• [Data excerpt]:
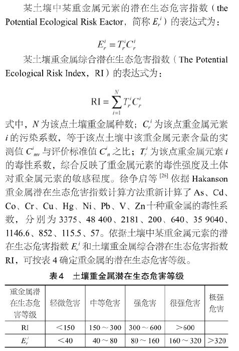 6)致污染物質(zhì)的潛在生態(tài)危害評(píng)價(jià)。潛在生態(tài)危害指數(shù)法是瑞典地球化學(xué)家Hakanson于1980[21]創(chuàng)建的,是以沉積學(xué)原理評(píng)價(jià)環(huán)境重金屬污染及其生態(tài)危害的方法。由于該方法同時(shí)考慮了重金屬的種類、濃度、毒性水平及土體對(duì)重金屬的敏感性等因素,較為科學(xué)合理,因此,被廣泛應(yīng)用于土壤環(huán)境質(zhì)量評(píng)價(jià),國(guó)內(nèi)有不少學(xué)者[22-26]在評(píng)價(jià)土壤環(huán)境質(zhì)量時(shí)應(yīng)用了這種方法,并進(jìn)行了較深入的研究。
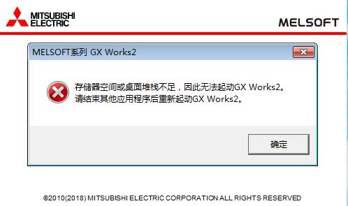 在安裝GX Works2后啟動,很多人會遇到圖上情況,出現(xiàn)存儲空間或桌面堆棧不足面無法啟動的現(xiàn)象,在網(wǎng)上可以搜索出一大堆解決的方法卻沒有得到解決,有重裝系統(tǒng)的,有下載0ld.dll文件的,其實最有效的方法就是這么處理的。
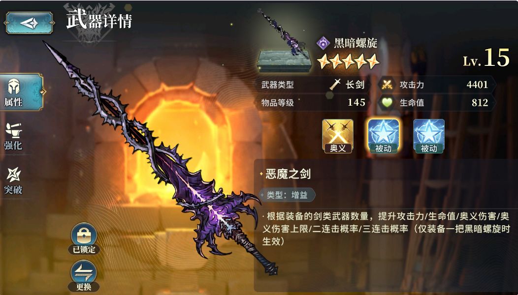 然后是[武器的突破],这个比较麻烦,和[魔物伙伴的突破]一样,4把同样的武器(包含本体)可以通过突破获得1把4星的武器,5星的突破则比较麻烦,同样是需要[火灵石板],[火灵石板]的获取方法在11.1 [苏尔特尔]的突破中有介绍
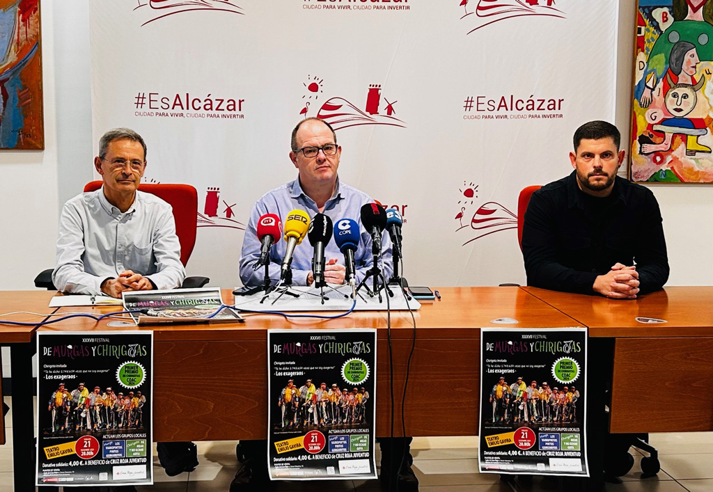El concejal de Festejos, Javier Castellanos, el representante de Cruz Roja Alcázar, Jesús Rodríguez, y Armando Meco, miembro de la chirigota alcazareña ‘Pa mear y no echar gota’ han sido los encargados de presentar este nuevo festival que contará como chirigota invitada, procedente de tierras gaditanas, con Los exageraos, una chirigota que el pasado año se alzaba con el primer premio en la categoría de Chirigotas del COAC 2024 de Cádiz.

• [Try it]: Could the data be reproduced exactly, with the pictures omitted?

• [Task result]:
 6)致污染物質(zhì)的潛在生態(tài)危害評(píng)價(jià)。潛在生態(tài)危害指數(shù)法是瑞典地球化學(xué)家Hakanson于1980[21]創(chuàng)建的,是以沉積學(xué)原理評(píng)價(jià)環(huán)境重金屬污染及其生態(tài)危害的方法。由于該方法同時(shí)考慮了重金屬的種類、濃度、毒性水平及土體對(duì)重金屬的敏感性等因素,較為科學(xué)合理,因此,被廣泛應(yīng)用于土壤環(huán)境質(zhì)量評(píng)價(jià),國(guó)內(nèi)有不少學(xué)者[22-26]在評(píng)價(jià)土壤環(huán)境質(zhì)量時(shí)應(yīng)用了這種方法,并進(jìn)行了較深入的研究。
 在安裝GX Works2后啟動,很多人會遇到圖上情況,出現(xiàn)存儲空間或桌面堆棧不足面無法啟動的現(xiàn)象,在網(wǎng)上可以搜索出一大堆解決的方法卻沒有得到解決,有重裝系統(tǒng)的,有下載0ld.dll文件的,其實最有效的方法就是這么處理的。
 然后是[武器的突破],这个比较麻烦,和[魔物伙伴的突破]一样,4把同样的武器(包含本体)可以通过突破获得1把4星的武器,5星的突破则比较麻烦,同样是需要[火灵石板],[火灵石板]的获取方法在11.1 [苏尔特尔]的突破中有介绍
El concejal de Festejos, Javier Castellanos, el representante de Cruz Roja Alcázar, Jesús Rodríguez, y Armando Meco, miembro de la chirigota alcazareña ‘Pa mear y no echar gota’ han sido los encargados de presentar este nuevo festival que contará como chirigota invitada, procedente de tierras gaditanas, con Los exageraos, una chirigota que el pasado año se alzaba con el primer premio en la categoría de Chirigotas del COAC 2024 de Cádiz.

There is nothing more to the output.